Casi al llegar a la cumbre, un par de piedras a escalar hacen que force un poco las piernas y siento un poco de dolor en la entrepierna. Es posible que un ligamento se haya estirado un poco más de la cuenta.

De allí que decida bajar un poco el paso y tomarlo un poco más suave.

Al llegar casi a la cumbre del Moscow, decido quedarme unos metros abajo, mientras los demás del grupo sueltan las mochilas para ir a tomar fotos en lo más alto de la cumbre.

Ya de bajada, hemos debido parar y revisar unas cuantas veces el mapa y la brújula para hallar el camino hacia el campamento.

En un momento dado debemos sortear un desfiladero por un pasadizo de piedras. Abajo, más rocas, y en la espalda, la mochila completa. Ciertamente esto le añade un poco de adrenalina a la excursión.

Campamento #3

Llegamos al fin a una nueva planicie. Los restos de un par de fogatas nos indican que otros campistas han pasado por aquí en algún momento por esta zona.

Lo primero es montar las tiendas, lo segundo; buscar una fuente de agua.

Después de un rato caminando montaña abajo encontramos algunos pequeños hilos de agua, pero los mismos no se ven potables pues los caballos han pisado y convertido la zona en un barrial completo.fog

A lo lejos, tomando sol, uno de nuestros compañeros divisa un par de culebras. Lo cual nos recuerda lo peligroso que es caminar descuidado, y lo útil que es utilizar gaitors en las piernas para protegerse un poco contra una mordedura sorpresa.

Luego de encontrar una fuente de agua un poco más limpia, cargamos toda el agua posible para evitar tener que volver a bajar. Algunos de los compañeros deciden tomar el agua como la filtra la naturaleza, otros le ponen un par de tabletas purificadoras.

La noche cae tarde en primavera y verano en Australia, casi a las 9 pm. por lo que nos agrupamos en torno a una fogata cada uno con su cena para cenar juntos y conversar.

La neblina desciende de nuevo sobre nosotros, tanto que ni la luna llena pasa por ella. Es una noche húmeda y bien fría, probablemente unos 8 grados centígrados.

A la mañana siguiente los compañeros deciden partir a las 7.30 am hacia el Cobberas #1 y el Middle Peak que está junto a él.

Mi molestia en la entrepierna me dió una mala noche y he tomado una decisión aún en contra de mi ego; permanecer en el campamento y evitar una lesión. Después de todo no hay atención médica cercana, y no debo arriesgarme.

Y es que en este tipo de situaciones el juicio es lo más importante. Debes conocer tu cuerpo y saber cuando decir NO. Ya habrán otras oportunidades y muchos otros retos. De hecho, en agenda en 15 días hay otra excursión a la montaña Bluff.

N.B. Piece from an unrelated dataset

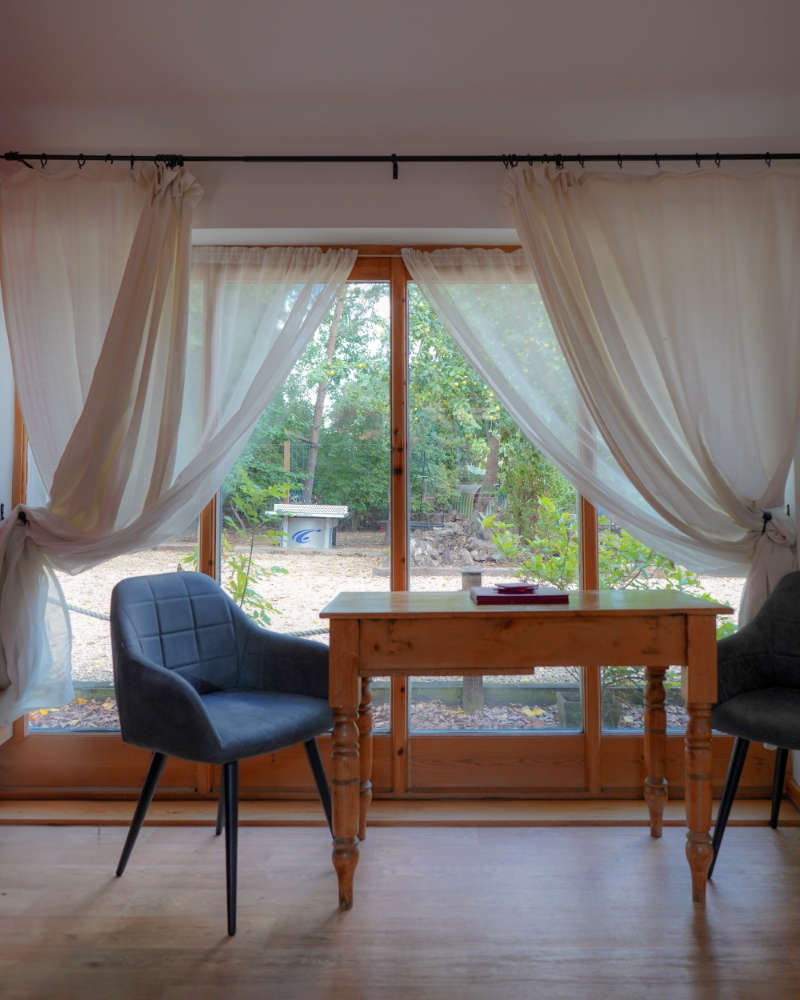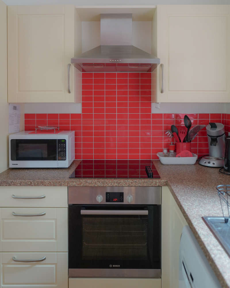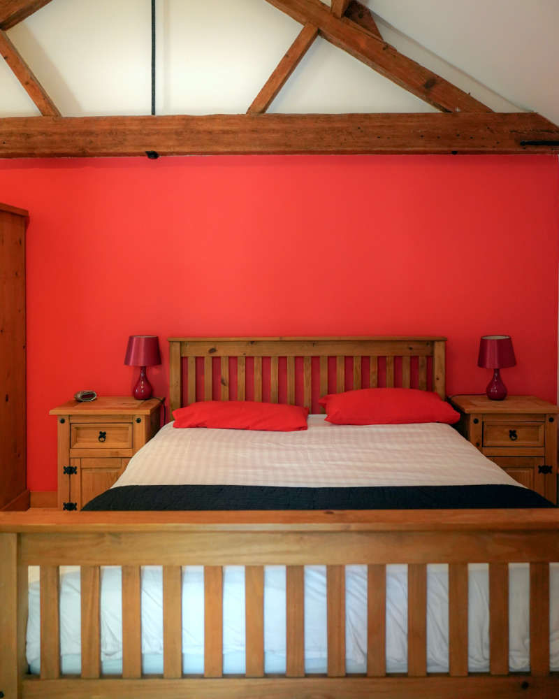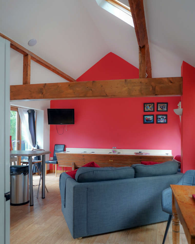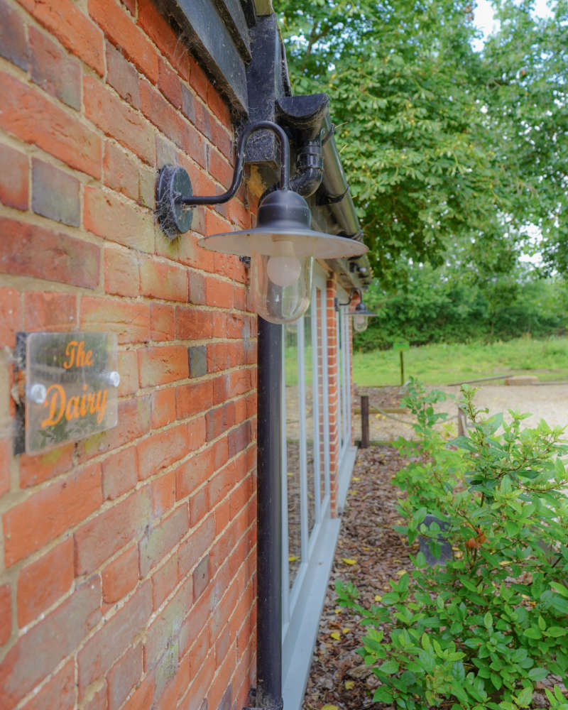 The Dairy is themed retro 70’s red, it’s at the front of Lodge Farm with a big glass windows over looking the fields and our woodland area, its patio looks out over the stunning lakes and the bird hide – where our resident swans (Elvis & Priscilla) often come in to rest.

El descanso fue bien merecido, el descanso ha surtido efecto y las piernas están fuertes de nuevo. El dolor casi ha desaparecido.

Al llegar los compañeros, recogimos campamento y empezamos el descenso. Aún nos quedan de 4 a 5 kilómetros de bajada entre piedras y maleza; y puedo notar el agotamiento de algunos de los miembros del grupo que resbalan y tropiezan con más frecuencia de lo normal. Levantar los pies por encima de las ramas del piso, raíces y subir entre piedras es claramente más pesado para ellos.

Para mí ha sido una experiencia increíble. Cansado pero relajado, ver mi coche a lo lejos es un sentimiento de logro. Casi abrazo mi vehículo donde he dejado un par de provisiones reservadas y ropa limpia, entre ellas una naranja que ha causado envidia entre mis compañeros...pero es mía...solamente mía!

6 horas de carretera de vuelta con una parada por combustible y una hamburguesa en Brimsdale se hacen rápidas. Sobretodo con la idea de llegar a una ducha de agua caliente y poner a lavar mi ropa, la cual realmente apesta después de tanto sudor y días arriba.